| YOUR INSTRUCTIONS |
Copy the entries that appear below in full, leaving out any picture among them.
Start of Block
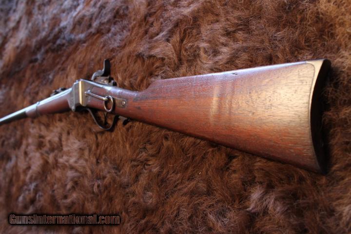 Description: Rare Sharps 1859 New Model Military Carbine in original percussion configuration. Orig patch box stock with faded cartouches. Good amount of original blue and excellent bore on 1859 marked barrel. hammer marks (see photos) on both sides of framr where lever pin was knocked in and out. Overall a fine and rare 1859 Sharps SOLD Antique: Yes |
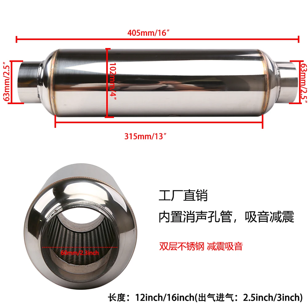 16" Length Stainless Steel Exhaust Resonator Universal 2.5"/3" Inlet Deep Sound
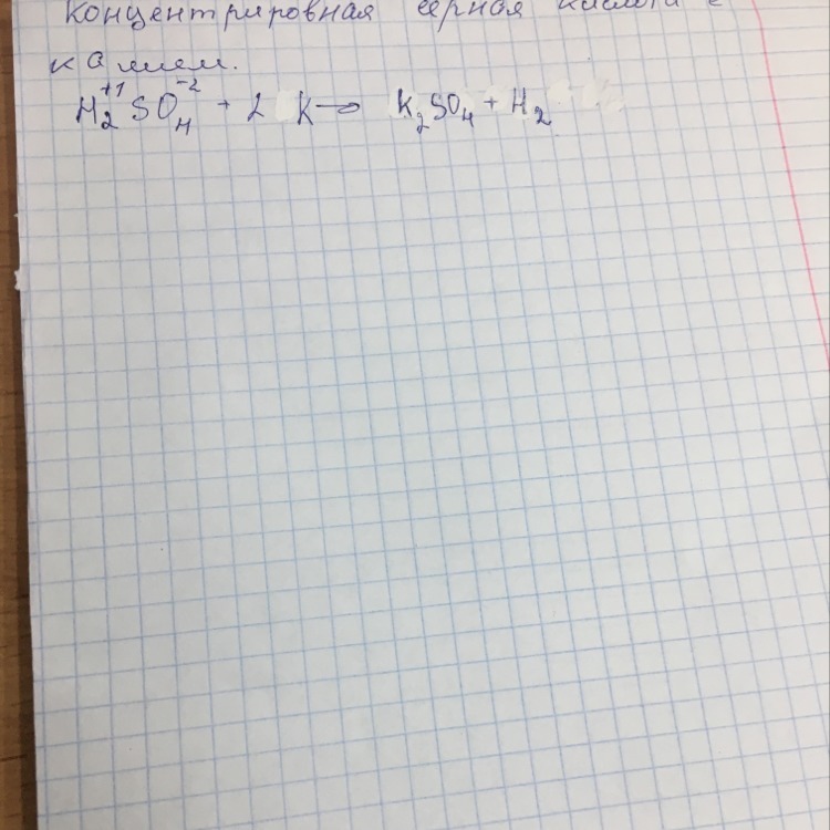 H_{2} SO_{4} + 2K → K_{2}SO_{4} + H_{2}
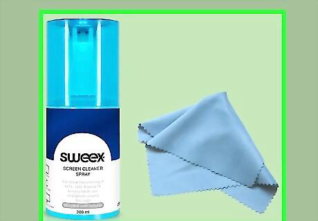 Spray a computer screen cleaner onto a clean microfiber cloth. Only spray the cleaner once or twice to dampen the cloth. Do not soak the cloth. Gently wipe the screen in a circular motion to remove smudges and other marks. Wipe the entire screen until it is free of smudges and marks. You can purchase computer screen cleaners online or at your local office supply store. Avoid scrubbing the screen to remove stubborn marks and smudges.
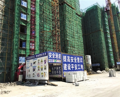 6月8日上午,来到位于城铁高架桥旁的名仕学府项目建筑工地,一眼就被齐整矗立的绿色围挡吸引住目光。
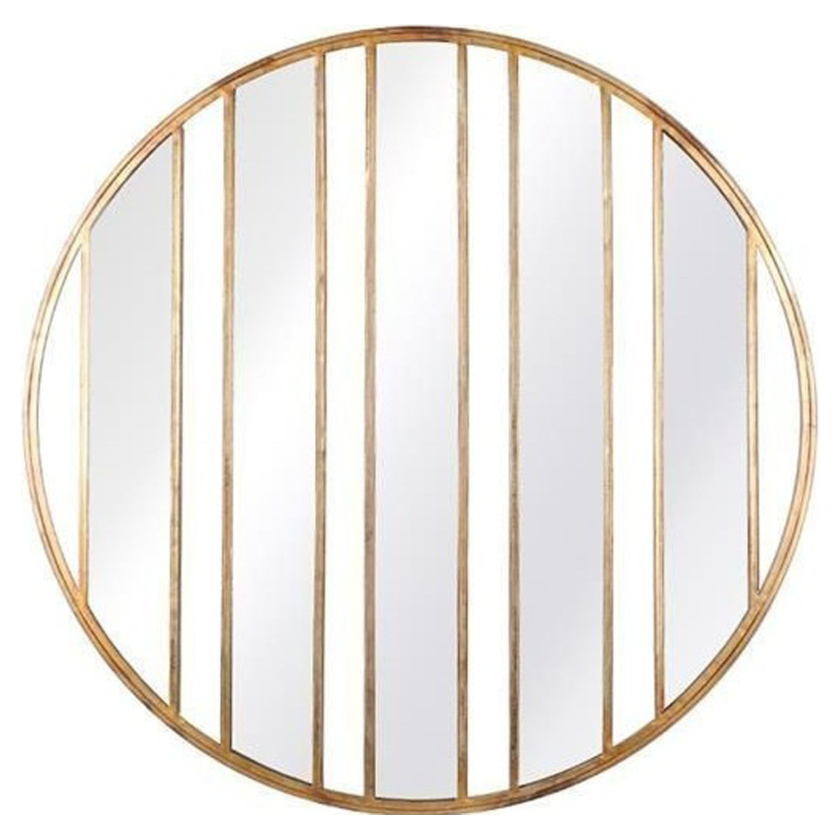 Der Athezza Barreaux-Spiegel ist perfekt, um Wänden Glanz zu verleihen. Dieser vollständig aus goldfarbenem Metall gefertigte Spiegel zeichnet sich durch seine runde Form und sein Design mit Balken aus. Seine Besonderheit liegt in den fünf senkrechten Linien, die das Glas durchtrennen, was ihm eine einzigartige Originalität verleiht. Ob im Wohnzimmer, Schlafzimmer oder Eingangsbereich, dieser Spiegel mit einem Durchmesser von 91,5 cm ist sowohl funktional als auch dekorativ.
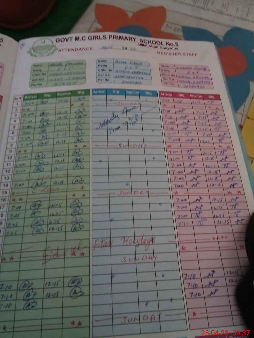| CNIC | Full Name | Designation | R/C | Absence During Last Calender Month |
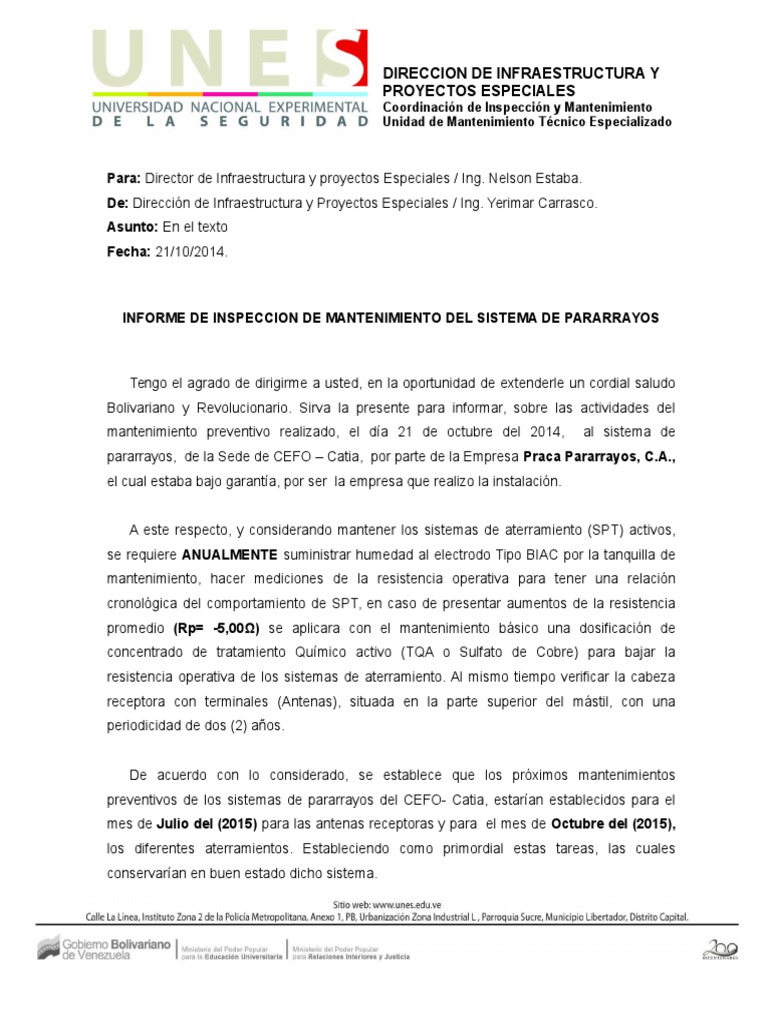 INFORME DE INSPECCION DE MANTENIMIENTO DEL SISTEMA DE PARARRAYOS
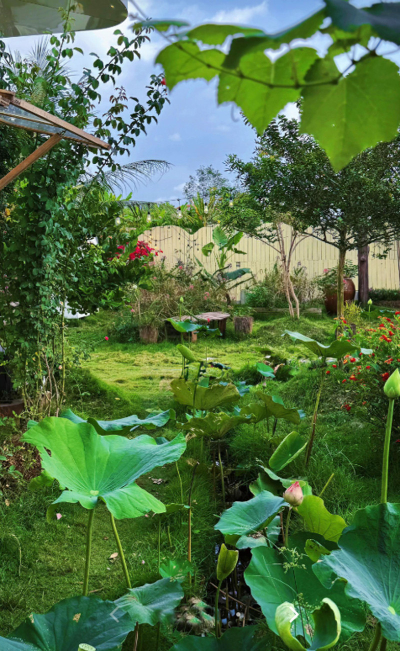 Từ khi có không gian sống mới, cuộc sống của chị Ngọc thay đổi rõ rệt. Ngoài công việc, chị dành phần lớn thời gian trồng cây, chăm hoa, nuôi gà, cá và thư giãn, đọc sách, thưởng trà giữa khu vườn xanh mát.
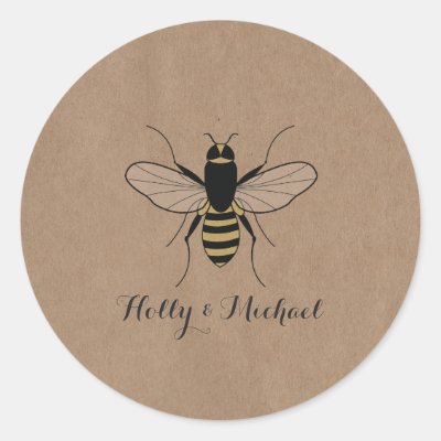 A sticker featuring an illustration of a honey bee. Personalize with your names. Background is brown paper cardboard inspired. Look for matching wedding invitations and more at Jill's Paperie.
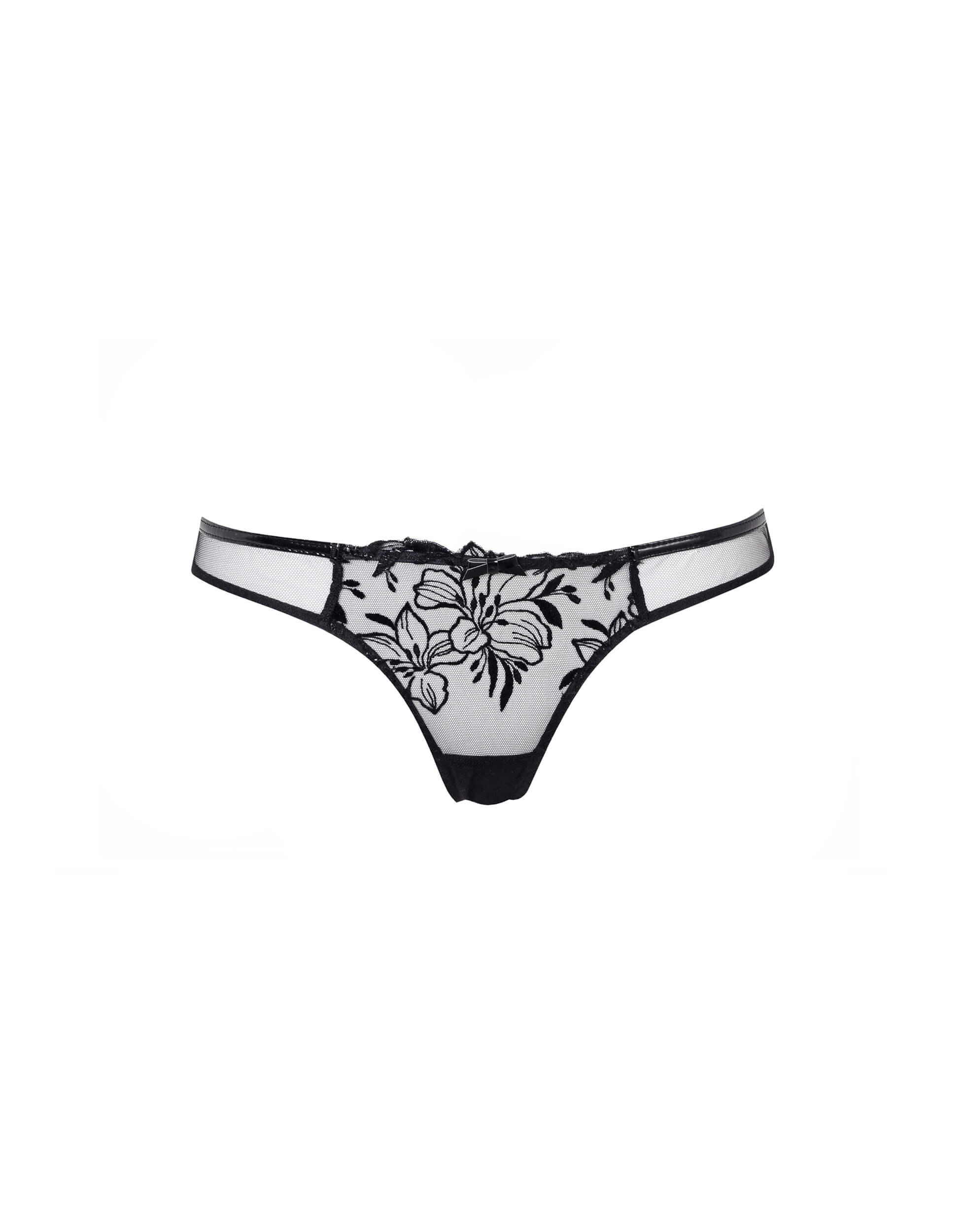 Черные трусики из прозрачного тюля украшены цветочной вышивкой с «мокрым» эффектом. Черная отделка из эластичной искусственной кожи вдоль линии бедер и перекрещивающиеся эластичные ленты, создающие эффект вырезов, завершают образ.
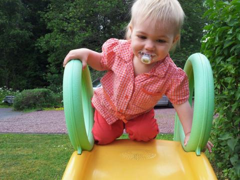 Förra veckan fick vi en liten rutschbana av grannarna. Olle och Maria provade några gånger men sedan har den mest blivit stående. Idag efter att Maria vaknat från sin sovstund satt vi ute i trädgården och tog det lite lugnt. Efter en stund travar Maria iväg till rutschbanan, hon klättrar upp för stegen som finns på baksidan sätter sig tillrätta med benen framåt och så rutschar hon ner med ett skratt. Detta upprepas säkert 10 gånger innan hon får annat att tänka på. Hon är en orädd liten krabat den där tjejen…
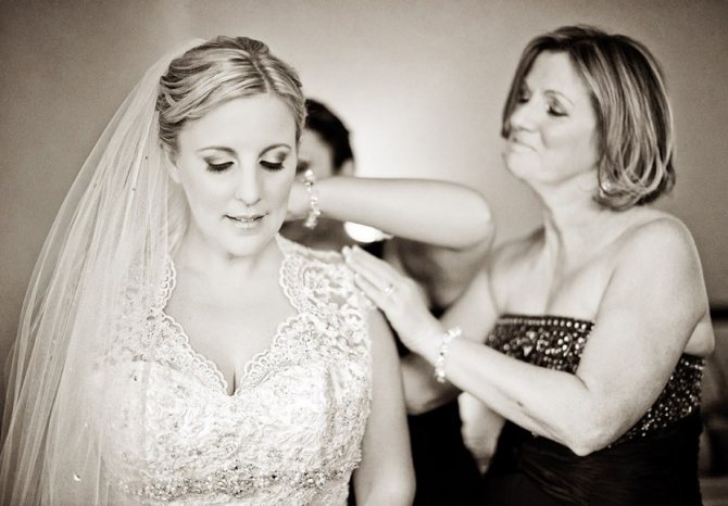 А как обойтись без снимков, на которых мама помогает невесте собираться в ЗАГС? Поправить прическу, разгладить складки на платье – как обойтись без мамы, лучшей подруги и советчицы?
End of Block
| RESULT OF THIS EXERCISE |
 Description: Rare Sharps 1859 New Model Military Carbine in original percussion configuration. Orig patch box stock with faded cartouches. Good amount of original blue and excellent bore on 1859 marked barrel. hammer marks (see photos) on both sides of framr where lever pin was knocked in and out. Overall a fine and rare 1859 Sharps SOLD Antique: Yes |
 16" Length Stainless Steel Exhaust Resonator Universal 2.5"/3" Inlet Deep Sound
 H_{2} SO_{4} + 2K → K_{2}SO_{4} + H_{2}
 Spray a computer screen cleaner onto a clean microfiber cloth. Only spray the cleaner once or twice to dampen the cloth. Do not soak the cloth. Gently wipe the screen in a circular motion to remove smudges and other marks. Wipe the entire screen until it is free of smudges and marks. You can purchase computer screen cleaners online or at your local office supply store. Avoid scrubbing the screen to remove stubborn marks and smudges.
 6月8日上午,来到位于城铁高架桥旁的名仕学府项目建筑工地,一眼就被齐整矗立的绿色围挡吸引住目光。
 Der Athezza Barreaux-Spiegel ist perfekt, um Wänden Glanz zu verleihen. Dieser vollständig aus goldfarbenem Metall gefertigte Spiegel zeichnet sich durch seine runde Form und sein Design mit Balken aus. Seine Besonderheit liegt in den fünf senkrechten Linien, die das Glas durchtrennen, was ihm eine einzigartige Originalität verleiht. Ob im Wohnzimmer, Schlafzimmer oder Eingangsbereich, dieser Spiegel mit einem Durchmesser von 91,5 cm ist sowohl funktional als auch dekorativ.
| CNIC | Full Name | Designation | R/C | Absence During Last Calender Month |
 INFORME DE INSPECCION DE MANTENIMIENTO DEL SISTEMA DE PARARRAYOS
 Từ khi có không gian sống mới, cuộc sống của chị Ngọc thay đổi rõ rệt. Ngoài công việc, chị dành phần lớn thời gian trồng cây, chăm hoa, nuôi gà, cá và thư giãn, đọc sách, thưởng trà giữa khu vườn xanh mát.
 A sticker featuring an illustration of a honey bee. Personalize with your names. Background is brown paper cardboard inspired. Look for matching wedding invitations and more at Jill's Paperie.
 Черные трусики из прозрачного тюля украшены цветочной вышивкой с «мокрым» эффектом. Черная отделка из эластичной искусственной кожи вдоль линии бедер и перекрещивающиеся эластичные ленты, создающие эффект вырезов, завершают образ.
 Förra veckan fick vi en liten rutschbana av grannarna. Olle och Maria provade några gånger men sedan har den mest blivit stående. Idag efter att Maria vaknat från sin sovstund satt vi ute i trädgården och tog det lite lugnt. Efter en stund travar Maria iväg till rutschbanan, hon klättrar upp för stegen som finns på baksidan sätter sig tillrätta med benen framåt och så rutschar hon ner med ett skratt. Detta upprepas säkert 10 gånger innan hon får annat att tänka på. Hon är en orädd liten krabat den där tjejen…
 А как обойтись без снимков, на которых мама помогает невесте собираться в ЗАГС? Поправить прическу, разгладить складки на платье – как обойтись без мамы, лучшей подруги и советчицы?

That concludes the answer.